Note: this is a synthetic environment which is majority AI-generated; we recommend testing thoroughly before integrating into an RL pipeline.

Capabilities

Economic dispatch optimization across 8 thermal generators with quadratic cost curves
Frequency regulation via governor droop response and under-frequency load shedding
Grid-scale battery storage management (200 MW / 800 MWh, 85% round-trip efficiency)
Renewable integration (500 MW wind, 300 MW solar) with curtailment decisions
Emergency load shedding and restoration across 3 transmission zones
Transmission congestion management with N-1 contingency constraints
Multi-day crisis management (up to 72 hours in polar vortex scenario)
Dense, multi-component reward signal across 5 dimensions

License

MIT

Tasks

There are 4 training scenarios (5 seeds each = 20 training tasks):

summer_peak: Normal hot summer day dispatch optimization.

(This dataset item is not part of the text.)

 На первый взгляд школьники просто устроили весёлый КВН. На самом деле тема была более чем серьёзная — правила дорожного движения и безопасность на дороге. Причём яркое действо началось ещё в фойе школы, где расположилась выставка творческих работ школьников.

Evening ramp challenge as solar fades and AC load peaks.
wind_drought: Wind drops from 80% to 5% capacity over 2 hours. Tests proactive thermal ramp-up and reserve management.
cold_snap: Extreme cold (-20C), demand surges to 5,250 MW, gas supply curtailed, generator trips. Inspired by the February 2021 Texas winter storm.
line_outage: Major transmission line trips followed by a generator trip (N-1-1 contingency). Tests transmission-aware redispatch.

And 4 test scenarios (5 seeds each = 20 test tasks):

cascading_failure: Sequential line and generator trips leading to frequency instability. Inspired by the August 2003 Northeast blackout.
renewable_surplus: Low demand weekend with excessive wind and solar. Tests minimum generation management and frequency stability with low inertia.
polar_vortex: 72-hour multi-day extreme cold event with progressive generator deratings and trips. Tests long-horizon strategic planning.
price_spike_crisis: Extreme heat wave drives demand beyond capacity. Political pressure limits acceptable load shedding duration.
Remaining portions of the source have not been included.